When TRW needed a lot of d.c. power at a substation in Capistrano they brought in 23kV three-phase. Custom rectifiers were manufactured and got part numbers and TRW logos on the side via a stencil
Problem was the power company electricians had to hook them up, and they did it wrong, so the first batch blew up promptly.
This was providing power for a Deuterium Fluoride laser with an average power of 1 MW. A friend working on it said that such lasers were indeed dangerous, but primarily to the developers and technicians. Fluorine is confined with extreme reluctance, and the moment it hits moist air it grabs stuff and makes hydrofluoric acid. One tech caught in a fluorine containment breach knew enough not to inhale, and shed all of his clothes and rushed to a nearby emergency shower. He survived, and when he returned to get his glasses found that the lenses had dissolved
Okay SY,
We can disagree! A technician can build the gizmo once all the parameters are decided. The art of Engineering is knowing how to start with a fuzzy goal and then to define it well enough that the solution can be implemented.
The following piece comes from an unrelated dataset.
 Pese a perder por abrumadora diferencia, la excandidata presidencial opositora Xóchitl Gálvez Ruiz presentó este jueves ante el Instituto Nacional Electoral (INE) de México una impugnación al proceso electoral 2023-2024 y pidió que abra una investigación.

The question here was how to size capacitors. That should have brought as an engineering approach questions. Starting with perhaps, "What is your load, impedance, level, and range of these?"
Now the folks who design for a mass market don't get to be so lucky. Their problem is "What is the worse case load that some small but realistic number of users will require?" There always will be some user who will try to drive a screwdriver and then complain about the product. That number of unhappy users has to be small enough that the product does not get a bad reputation.
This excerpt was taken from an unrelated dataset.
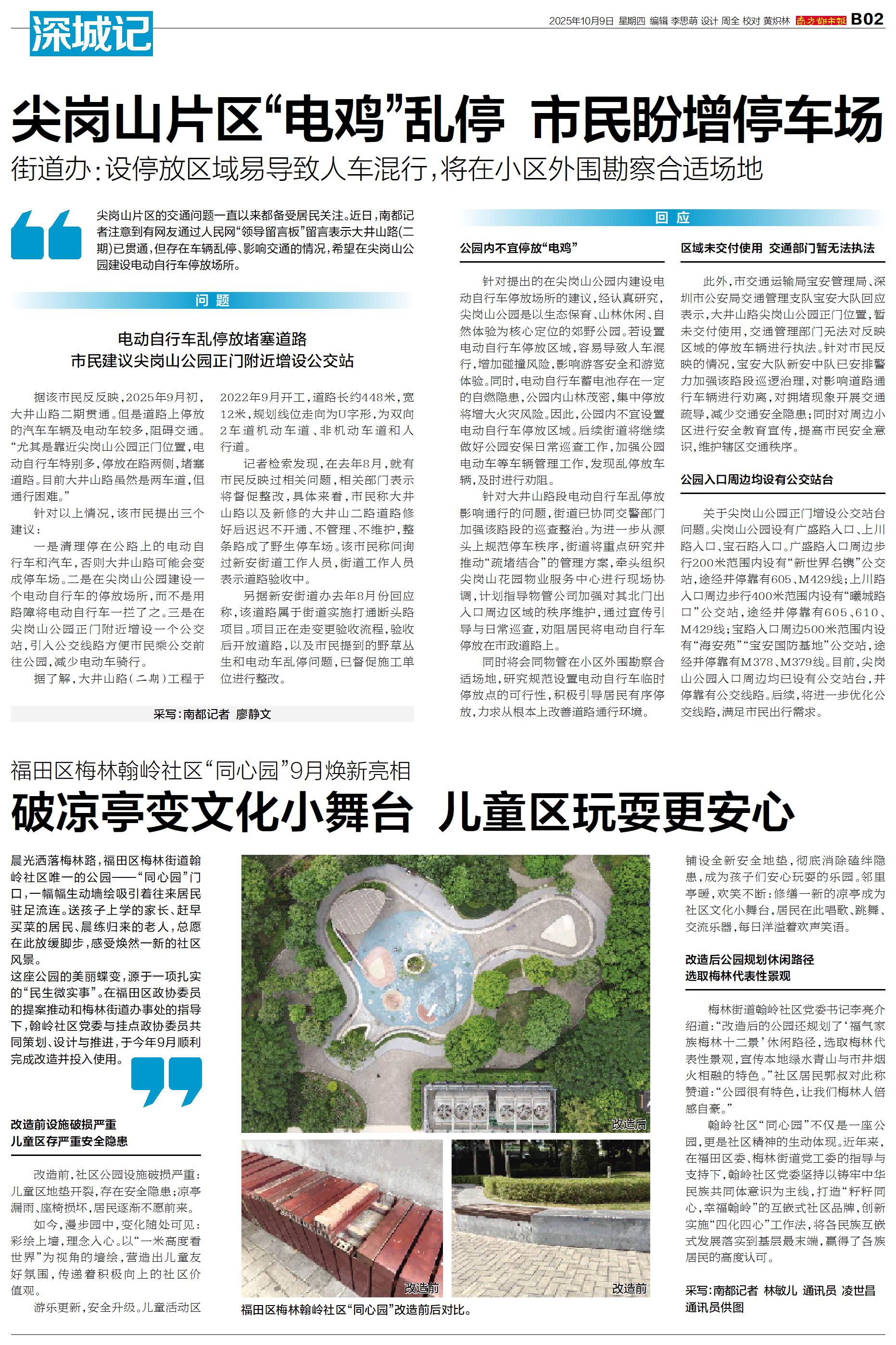 尖岗山片区的交通问题一直以来都备受居民关注。近日,南都记者注意到有网友通过人民网“领导留言板”留言表示大井山路(二期)已贯通,但存在车辆乱停、影响交通的情况,希望在尖岗山公园建设电动自行车停放场所。

Now folks were giving you grief when you outlined another of the basic questions. "What are the important performance parameters of the amplifier that is being powered?"
Now the third question might be. "What level of performance do you expect?"
Now the performance question is of course still a fuzzy issue. Knowing a bit more, for example the type of actual design or perhaps what the rest of the system components currently are or soon might be, would help in that issue.
Now you brought up the concern that too much capacitance can create problems of a different nature. That again requires some fuzzy problem solving to decide where the balance should be, or at least the area of balance.
Now way back when I first started looking at power supplies the answer was 5% ripple for most supplies, 10% for cheapies and 2% was more than enough for almost everything. That was a fine answer for those that have not yet recognized more of the issues involved.
Now for a thorough answer... well I am doing an article on power supplies, it is well past novella length, no matter how I try to edit it. That is for what is supposed to be a short tutorial!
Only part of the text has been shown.